Last is Fire & Ash, where every danger converges on the center of the universe: Benny Imura and his gang.  The zombies have gotten more dangerous, the insane people have swelled in number and decided to kill EVERYONE left in the world, and a possible cure to zombieism might fall into the wrong hands.  After the wreck (in my opinion) that was Flesh & Bone, I was happy to see the series right itself a bit with the last book.  There is more action, more forward momentum, and a chilling build up to a slam-bang finish.

As a whole the series is a strong entry into the zombie novel craze, but I found the going tough in the third act, and again, I didn’t care much for the characters.  No matter what happens, no matter how much time passes, Benny never even begins to grow up, preferring to pout and whine and be crappy to his friends.  His friends are patient with him to the point of making me want to hit them with my book.  The peripheral characters are very interesting, and the evil people are seriously scary bad.

Just released is Bits & Pieces, a series of First Night and backstory shorts featuring main characters and popular co-stars from the Rot & Ruin series.  I found the stories uneven.  Some were so uninspired they were difficult to read, and others were terribly poignant and I wish they were a lot longer. Hanging over all of it was my ongoing problem with nearly every Mayberry character (though YMMV), and the malaise I felt on discovering the spoiler outlined below.

The biggest problem for me with this series has to be covered in a big ole spoiler.  If you’re interested in the Rot & Ruin series, read them first and then come back to this review. SERIOUS SPOILERS at the bottom of this post.

LINKS:

 


*!BEGIN SERIOUS SPOILERS!*

What I didn’t realize until understanding just who, exactly, that new character was in the series is that all of Mayberry’s zombie books are in the same damn universe.  The new guy is Joe Ledger, and he befriends Benny and the gang in Flesh & Bone.  You understand what this means, right?  Two important things.  First, I have to go back and re-read all the books. That ticks me off, man.  Who’s got that kind of time?  Second, it invalidates all the Joe Ledger novels.  He lost.  In the end, the zombies won and all the hard work and sacrifice from him and his secret organization were for naught.  And that makes it even more difficult to get up the energy to go back and read them again.

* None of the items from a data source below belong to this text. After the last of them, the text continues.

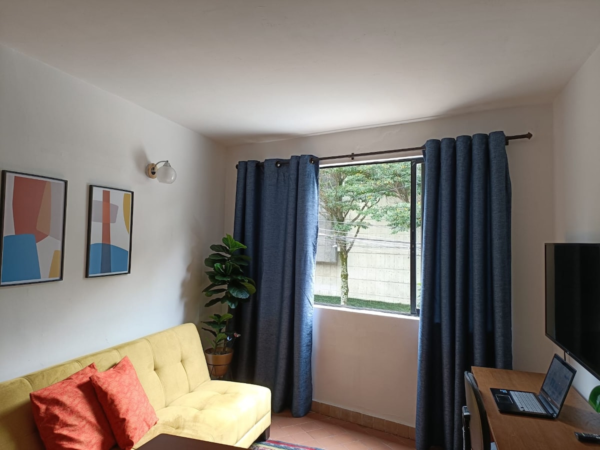 Вид на Кали из лучшего места в парке для собак. Современная квартира для 5 человек с собственным балконом и видом на парк, 3 удобными кроватями, оборудованной кухней (аэрофритюрница, кофеварка, посуда), собственной ванной комнатой, кондиционером, Wi-Fi, Netflix, горячим душем и письменным столом. В 5 минутах от Сан-Антонио, La Topatolondra с уроками сальсы, ресторанами, барами и супермаркетами (OXXO, Carulla). Идеально подходит для семей, друзей или деловых путешественников, которым нужно удобное и центральное расположение.
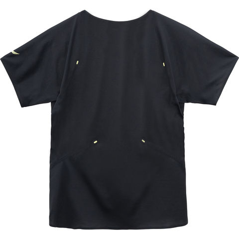 軽量性・シームレス仕様・“ AILE FORME “パターンを特徴としており、ギアとしてのアパレルを目指したアイテム.特殊な技術でシームレス仕様にすることにより肌面のストレスを軽減.テニスをされる方の優雅な動きに寄り添うことができるしなやかでコンフォートなテニスウェア.テニスの基本動作である、サーブ・ストローク・ボレーの動きに着目し、 DISC で検証し開発したウェア.動作時のストレスをダーツとパターンで解消した“ AILE FORME “パターンを搭載したゲームシャツ.
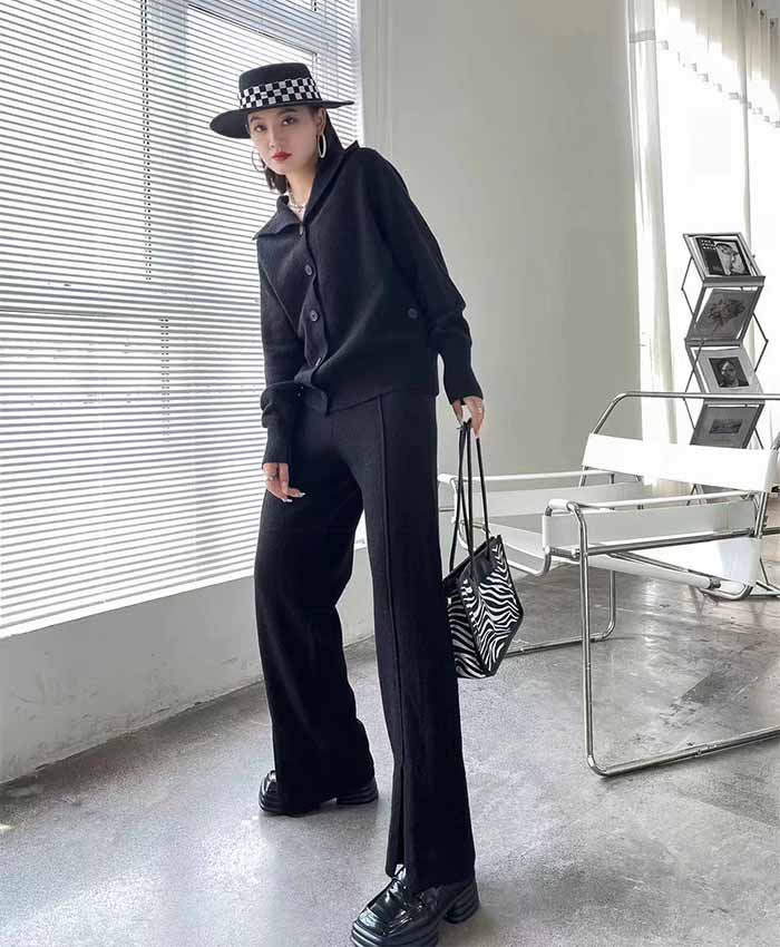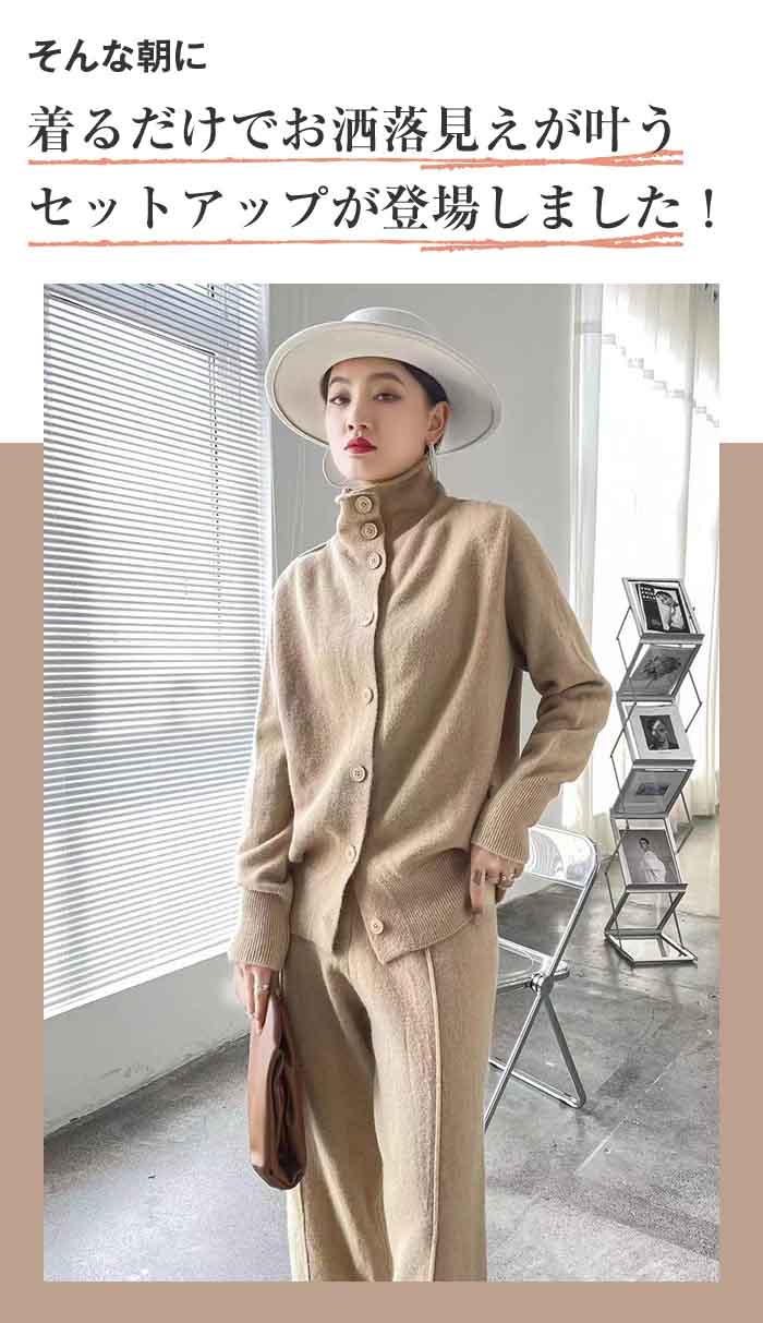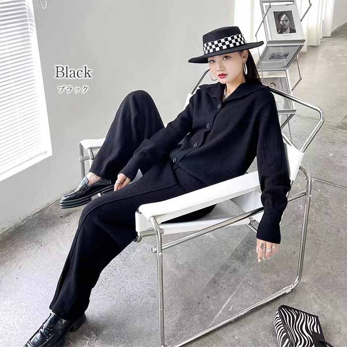 ニットセットアップ パンツ ニットパンツ レディース セットアップ ニット 秋冬 長袖 冬 カーディガン タートルネック セーター ワイドパンツ カジュアル ワンマイルウェア 2点セット 上下セット

Dead of Night and Fall of Night are actually the telling of the zombie apocalypse that got away from Joe Ledger.  It’s the story of First Night and how this plague got the upper hand in small town Pennsylvania.

AND

There is a concept introduced in the first pages of Dead of Night that gave me a serious case of the creeps when I read that book, and has bothered me a lot after figuring out those zombies are the Rot & Ruin zombies.  You see, they’re sentient.  The zombie spoor invades their body and takes over, but the brain is still actively that of the bitten victim.  When you get to Rot & Ruin Mayberry tells us that a lot of people don’t want to kill the zombies and leave most of them to eventually run out of motivation and stand, and stand, and stand.  Eventually, plants grow up around them and the dead but animated body rots to bone.  I suppose it’s not quite so horrible as being buried alive.  At least you can watch the seasons go by.